4. Gün Urfa - Harran - Istanbul

Sabah, kahvaltının ardından, 2015 yılında açılan
Şanlıurfa Arkeoloji Müzesi ziyareti. Şanlıurfa Arkeoloji Müzesi, Arkeopark ve Edessa Mozaik Müzesi'nden oluşan Haleplibahçe Müze Kompleksi, 34 bin metrekarelik kapalı alanıyla Türkiye'nin en büyük müzesi olma özelliğini taşıyor. Göbeklitepe, Nevalı Çori, Akarçay Tepe, Hassek Höyük, Gre Virike, Lidar Höyük gibi höyüklerin her biri uygarlık tarihinin mihenk taşlarını oluşturuyor. Şanlıurfa'da özellikle 1960'lı yıllardan beri yapılan Baraj Kurtarma Kazıları ile çok önemli arkeolojik eserler keşfedildi. Çağdaş müzecilik anlayışı ile kurulan yeni Şanlıurfa Arkeoloji Müzesi'nde bu höyüklerin her biri, gerek kazı hikayesi gerekse eserleri ile, bölgede uzun yıllar çalışmış ve bu kazılarda görev almış deneyimli bilim insanlarının desteği ve katkısı ile özel tasarlanan bir mekan içerisinde sergilenmekte. Müze gezisi ardından
Balıklı Göl gezisi. İbrahim Peygamberin ateşe atıldığında düştüğü yer olarak bilinen bu iki göl, kutsal balıkları ve çevrelerindeki tarihi eserler ile Şanlıurfa'nın sembolü haline gelmiş. Balıklı Göl gezisinden sonra, Urfa'nın tarihi dokusunun keşfine
kapalı çarşı, eski taş sokak ve evler, Gümrük Han'la devam. Ardından, öğle yemeği için serbest zaman ve Urfa yakınlarında bulunan
Harran'a hareket. Harran adına ilk defa, Kültepe ve Mari'de bulunan M.Ö. 2.000 başlarına ait çivi yazılı tabletlerde rastlanır. M.Ö. 2.000'in ortalarına ait Hitit Tabletleri'nde, Hitit'lerle Mitanni'ler arasında yapılan bir anlaşmaya Harran'daki Ay Tanrısının (Sin) ve Güneş Tanrısının şahit tutulduğu belirtilmektedir.

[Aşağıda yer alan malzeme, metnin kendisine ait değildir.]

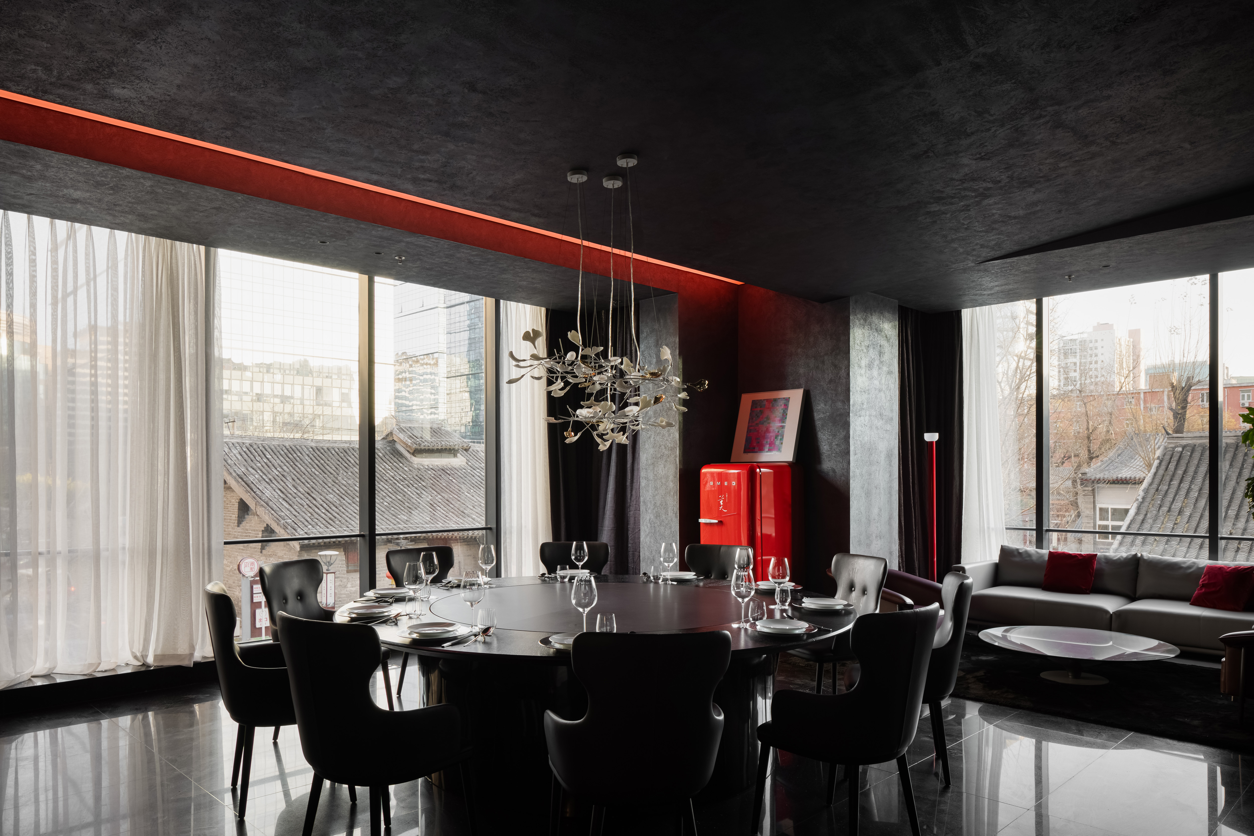 The project is located in Nanxincang, Beijing. The first challenge lays in how to break the stereotype of conventional Chinese restaurants and generate a unique spatial experience. The second challenge lays in how to break dining experiences in conventional Chinese restaurants and produce a leisurely and romantic atmosphere. Light and shadows permeate structural gaps. The light and shadowsmove in the curved hallway space, breaking conventional sedate and dull spatial atmosphere, full of a sense of dynamics and curved beauty.

Harran, Kuzey Mezopotamya'dan gelerek batı ve kuzeybatıya bağlanan önemli ticaret yollarının kesiştiği bir noktada bulunmasında dolayı Anadolu ile sıkı ticaret ilişkileri bulunan Asurlu tüccarların önemli uğrak yerlerinden biri idi. Anadolu'dan Mezopotamya'ya Mezopotamya'dan da Anadolu'ya olan ticaret binlerce yıl Harran üzerinden yapılmıştı. Bu da burada zengin ve köklü bir kültür birikiminin oluşmasına neden olmuştur. Harran, Ay, Güneş ve Gezegenlerin kutsal sayıldığı eski Mezopotamya putperestliğinin ( Sabiizm ) önemli merkezi olmasıyla tanınırdı. Bu nedenle Harran'da Astronomi ilmi çok ilerlemişti. Dünyadaki üç büyük felsefe ekolünden birisi Harran Ekolü'dür. Bugün, şehri besleyen ırmaklar kurumuş olduğundan, sudan ve yeşilden mahrum bir ovanın ortasında 5000 yıllık tarihi, tipik evleri, höyüğü, kalesi, şehir surları ve çeşitli mimari kalıntıları ile ayakta durmaktadır. Tipik toprak evleri ve harabeleri gezdikten sonra Urfa'ya geri-dönüş. Gülhan Restoranda en lezzetli yöresel kebabları tadacağınız erken akşam yemeği ve daha sonra Şanlıurfa Havalimanı'na transfer. Pegasus Hava Yolları'nın PC 2421 Sefer sayılı uçuşu ile saat 21.25'deki uçuşu ile İstanbul'a hareket. Saat 23.15'de Sabiha Gökçen Havalimanı'na varış ve seyahatin sonu.